No, it doesn't play the tabs. The primary use case to help with practicing something you've already learnt.

Import from Guitar Pro sounds like a good idea and the format doesn't seem to be proprietary based on a quick google search. Will explore further. Thanks!

6stringmerc

Though I haven’t used this app I do plan on trying it out when I get my guitars back. I’m impressed at the effort, the resources, and the giving it free for the sake of spreading joy in music.

The guitar is a difficult instrument to learn, especially in the beginning phases. After 30 years it’s a conversation I have frequently - people try and give up a lot. If this can help some folks stick with it and become better understanding and practiced with their instrument, I hope that happens again and again and again. Every generation needs guitarists, as it’s the instrument of expressive rebellion the world round.
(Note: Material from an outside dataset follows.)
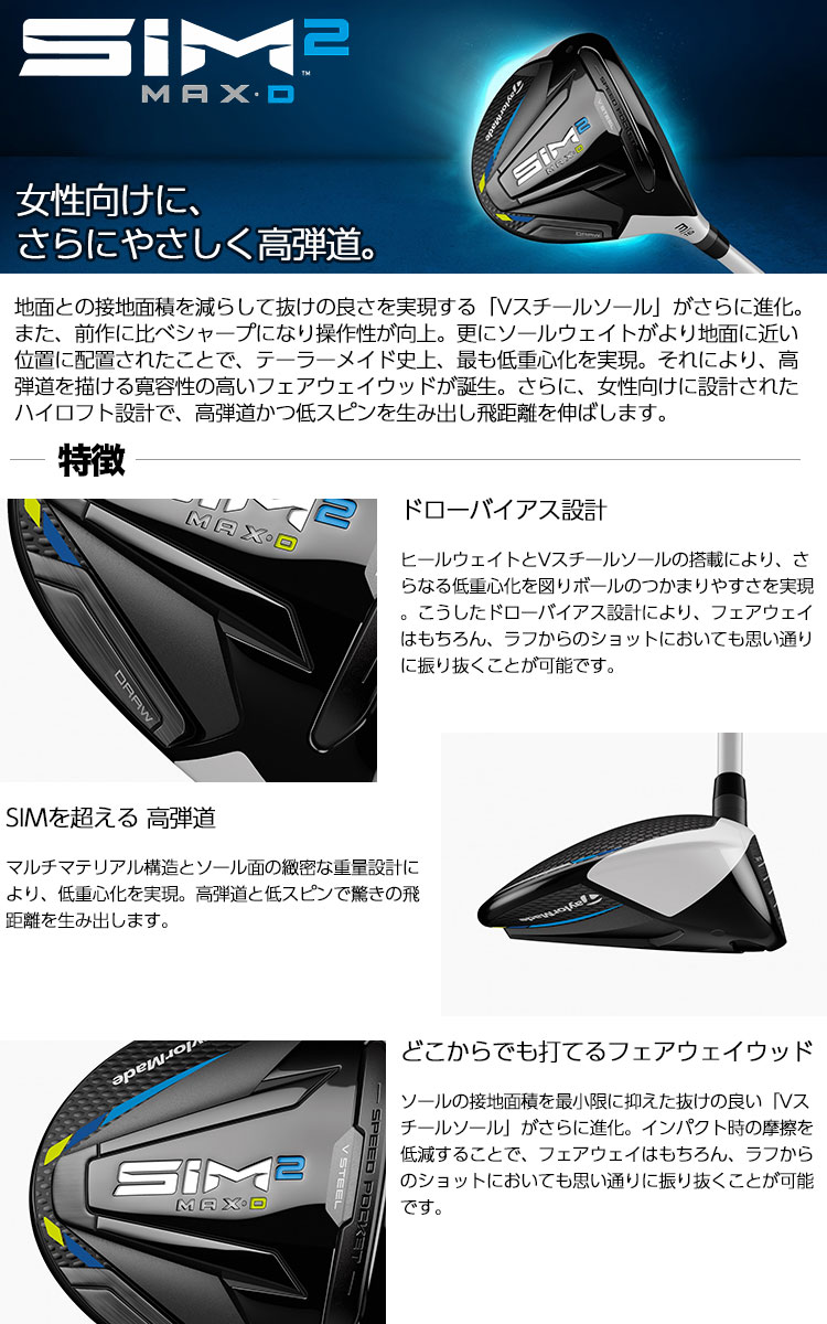 テーラーメイド SIM2 MAX-D ウィメンズ フェアウェイ TENSEI BLUE TM40 カーボンシャフト装着 日本正規品

Great share and a Bill and Ted EXCELLENT weedly weedly weee!

foobarian

I've tried playing guitar on and off my whole life over last 40 years and I can't believe that it took me until this year to try, on a whim, a classical guitar. Suddenly my fat fingers can fit next to each other making an A or B chord, and they don't hurt and blister after a short session of play. Seriously make sure to not overlook non-steel guitars if you're having trouble.

6stringmerc

As a guy with “little girl hands” as John 5 jokingly calls it, I have a reverse issue with the classical and some jazz arch tops! SRV had giant bear paws by the way. Buckethead has alien hands (no fair).

If you’re game, on electric you might enjoy a baritone scale guitar. I got an LP style 27” by Agile (PRS makes a nice SE model) and it’s a neat dynamic.

Very glad you shared about your experience. Just as a note, don’t go near any EVH signature models - the neck and fretboard is like a Telecaster but smaller!

dboreham

Some of the all time great bluesmen had fat sausage fingers so there's a bit more to it I suspect. After the same 40 years I got irritated one day and searched YouTube for "how do I play a C chord without muting strings" and found that my finger and wrist position was all wrong. Also spent a bunch of time watching Frampton, studying where his fingers go and what they look like.

dragandj

For the C chord, you should be muting the low E string, though :)

naiquevin

Thanks for the kind words.

> people try and give up a lot. If this can help some folks stick with it and become better understanding and practiced with their instrument, I hope that happens again and again and again

This resonates so much.

6stringmerc

You’re welcome and much deserved! I’m grateful for the continued passion for the instrument. This helpful resource is a solid win for a hard-to-please community haha!